Italian shoe designer (1898–1960)

Salvatore Ferragamo (/it/; 5 June 1898 – 7 August 1960) was an Italian shoe designer. Widely regarded as one of the most influential figures in 20th-century footwear design, he was known for combining artisanal craftsmanship with technical innovation. Ferragamo pioneered new construction methods that emphasized comfort, balance, and structural support while maintaining elegance. His shoes were worn by leading figures of Hollywood, earning him the nickname "Shoemaker to the Stars."

After early success in the United States, Ferragamo returned to Italy in 1927, where he established a workshop in Florence that became the foundation of his international business, Salvatore Ferragamo S.p.A. Throughout the 1930s and 1940s, he developed influential designs—including the cork wedge heel and reinforced shank—often in response to material shortages, which helped redefine women's footwear. Following his death in 1960, the company was continued by his family and evolved into the luxury fashion house Ferragamo. His legacy is preserved through the Salvatore Ferragamo Museum in Florence. His life and work were the subject of the 2020 documentary film Salvatore: Shoemaker of Dreams.

==Biography==

=== Early life ===
Salvatore (registered as "Salvadore") Ferragamo was born in 1898 to a poor family in Bonito, Avellino, in the Campania region, the eleventh of fourteen children of Antonio Ferragamo and Mariantonia Ferragamo (both were born with the same surname, which often happened in smaller Italian towns). After making his first pair of shoes for himself, a pair of high heels, at age nine (and his sisters to wear at their confirmation), young Salvatore decided that he had found his calling.

=== Early career and training ===
Ferragamo showed an early interest in shoemaking after studying shoemaking in Naples for a year, 14-year-old Ferragamo opened a small store based in his parents' home. In 1914, he emigrated to Boston, Massachusetts, where one of his brothers worked in a shoe factory. After working at the factory for a week, he relocated to Santa Barbara, California to join his brothers. Ferragamo studied anatomy at the University of Southern California to learn how to make his shoes more comfortable.

=== Hollywood and early success ===
Ferragamo established a workshop and began creating made-to-measure shoes for the fledgling film industry. His craftsmanship quickly attracted attention, leading him to design boots for Westerns at Flying A Studios and bespoke shoes for actors such as Mary Pickford and Lillian Gish, helping to solidify his reputation in Hollywood. By the early 1920s, Ferragamo had established himself as a specialist in custom footwear for film actors. In 1923, he purchased the Hollywood Boot Shop on Hollywood Boulevard, attracting clients such as Rudolph Valentino, Gloria Swanson, Joan Crawford, and Clara Bow.

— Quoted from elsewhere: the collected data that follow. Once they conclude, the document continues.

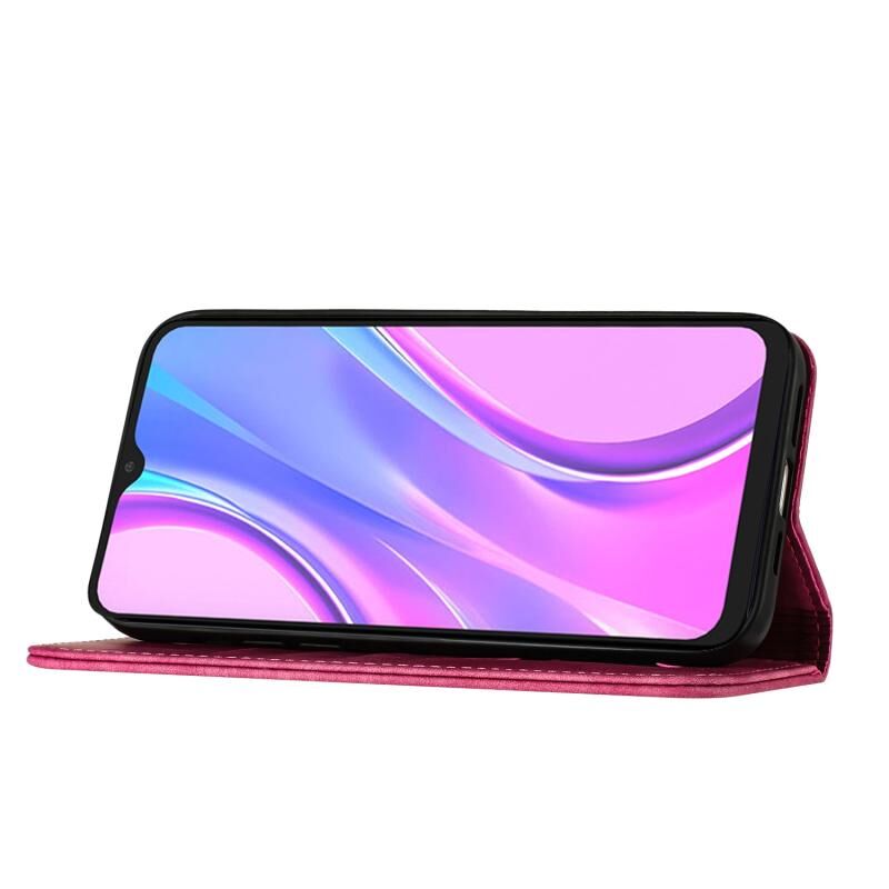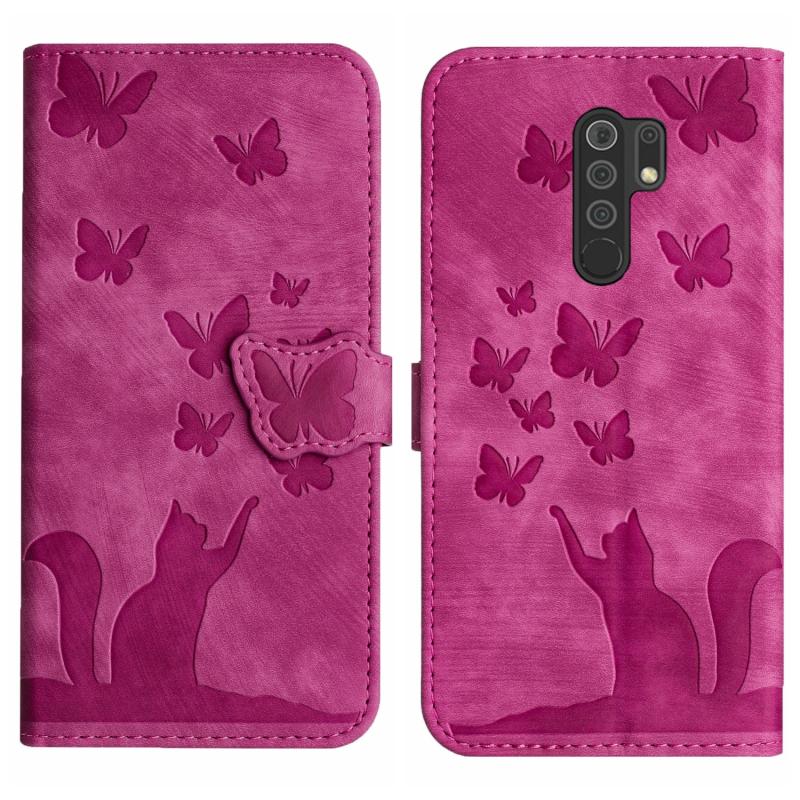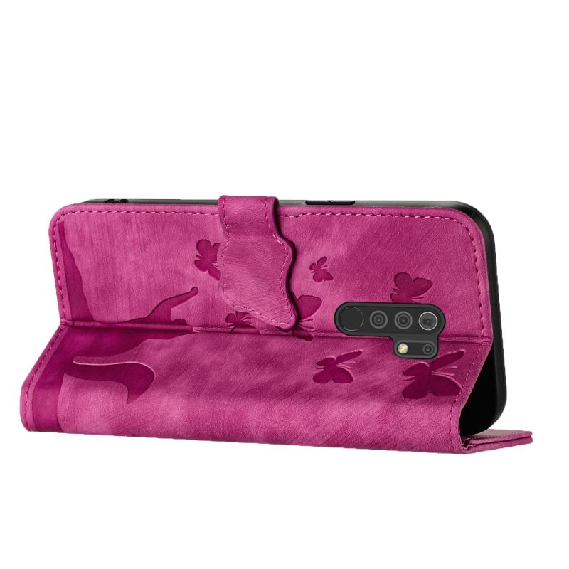 Θήκη βιβλίου δερμάτινη με ανάγλυφο σχέδιο γάτας για Xiaomi Redmi 9 (Ροζ)
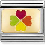 Composable Classic size charm in stainless steel with 18ct yellow gold rainbow enamel Four Leaf Clover symbol.
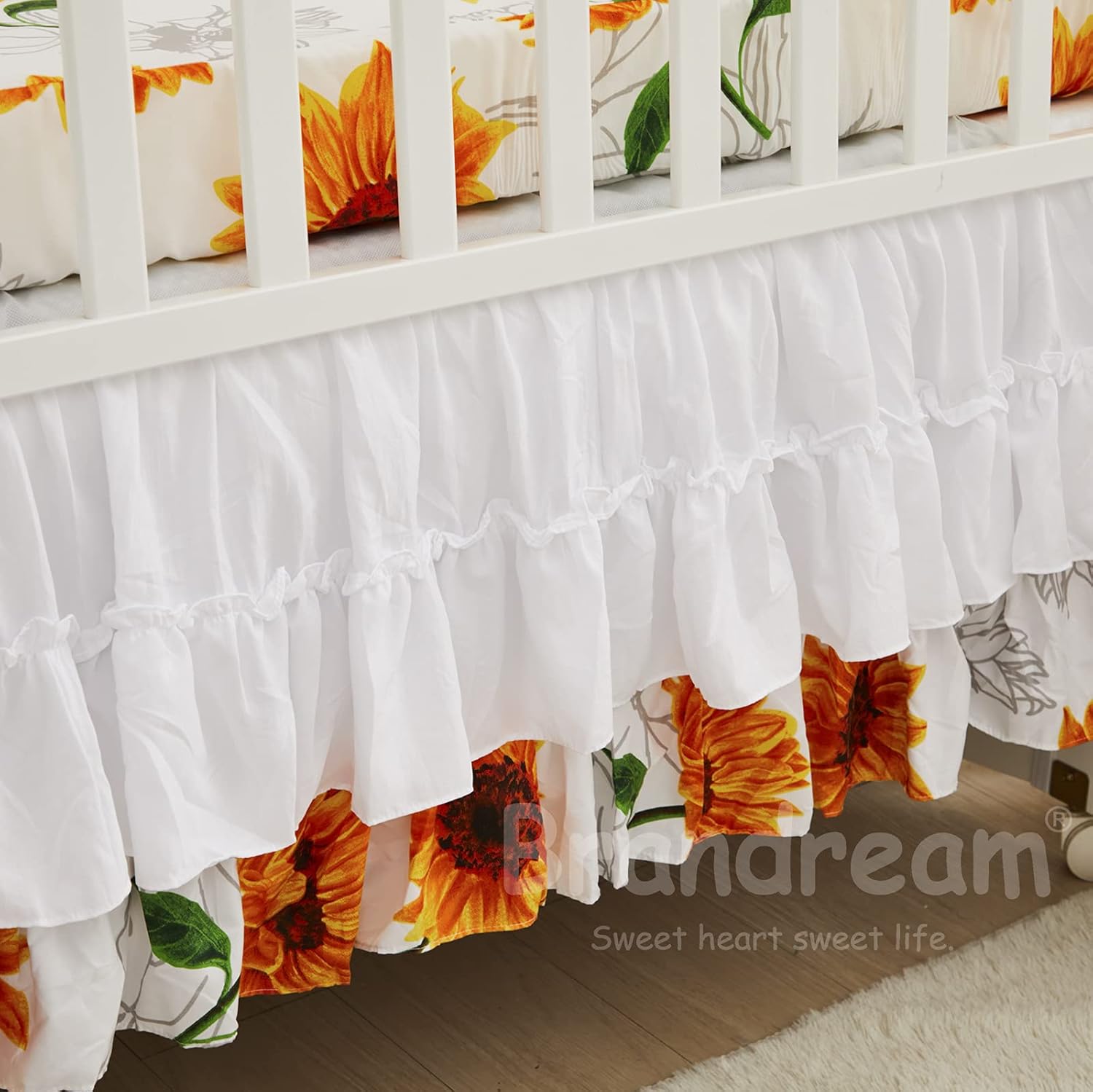 - Girls farmhouse nursery bedding 6 piece includes: Ruffle sunflower blanket (28"x40"), yellow white fitted crib sheet have a 10"drop, sweet ruffle skirt has a 16" drop on all four sides, diaper stacker, heart pillow, american country valance. All fits standard crib bed.
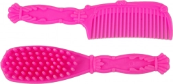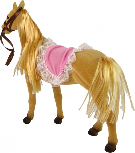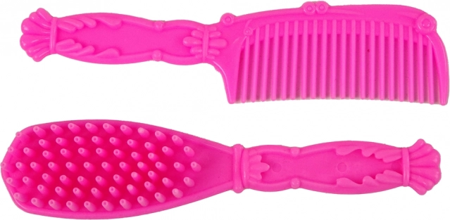 Konj je izdelan iz mehkega in prijetnega materiala ter zvesto posnema pravi videz živali. Paket vsebuje rožnato krtačo in glavnik za urejanje dolge konjske grive, kar otrokom omogoča razvijanje skrbi in odgovornosti.
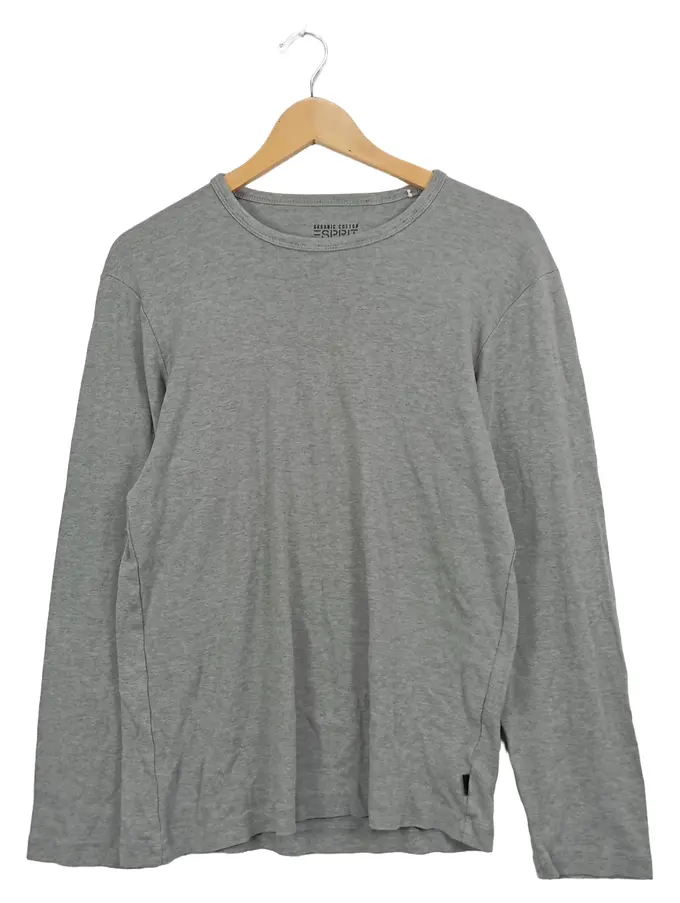 Herren Langarmshirt Grau Basic Gr. L Baumwolle

His work for film stars earned him the nickname "Shoemaker to the Stars."

=== Return to Italy, innovation, and postwar expansion ===
In August 1927, Ferragamo returned to Italy seeking greater control over production quality. He initially sought to establish his headquarters in Naples, but he was dismissed as an "Italo-American go-getter, a hustler, and expatriate with the usual quota of high-pressure ideas from across the Atlantic. Other cities in Southern Italy proved no more receptive. After unsuccessful attempts in Rome, he traveled north to Verona, Milan, and Turin, and later to Venice and Padua, encountering the same rejection in each city. Ferragamo ultimately settled in Florence, where he established a workshop in the Via Mannelli. There, working directly with artisans under his supervision, he developed innovative designs and production methods that laid the foundation for his future success.

During this period, he created shoes for many leading actors of the era, including "The Bella," a pair of black calfskin pumps with ankle straps and oversized vanilla bows worn by Gloria Swanson in the 1928 film Sadie Thompson.

In 1933, he filed for bankruptcy in 1933 due to bad management and economic pressure. Despite financial difficulties caused by the Great Depression, he developed several technical innovations. including the cork wedge heel and the steel shank, which improved stability and allowed for new silhouettes. These designs helped define women's footwear during the era and reinforced Ferragamo’s reputation as both a designer and an innovator.

"The Rainbow" shoe was created by Salvatore Ferragamo in 1938 and was the first instance of the platform shoe returning in modern days in the West. The platform sandal, using shaped slabs of cork covered in suede with gold kidskin straps, was designed for Judy Garland.

Material shortages during World War II prompted Ferragamo to experiment with unconventional materials such as cork, raffia, and nylon, leading to some of his most distinctive designs. After the war, he resumed using luxury materials and expanded his business internationally. He was able to expand his operations in the 1950s, including a workforce of 700 artisans who made 350 pairs of shoes per day, by hand.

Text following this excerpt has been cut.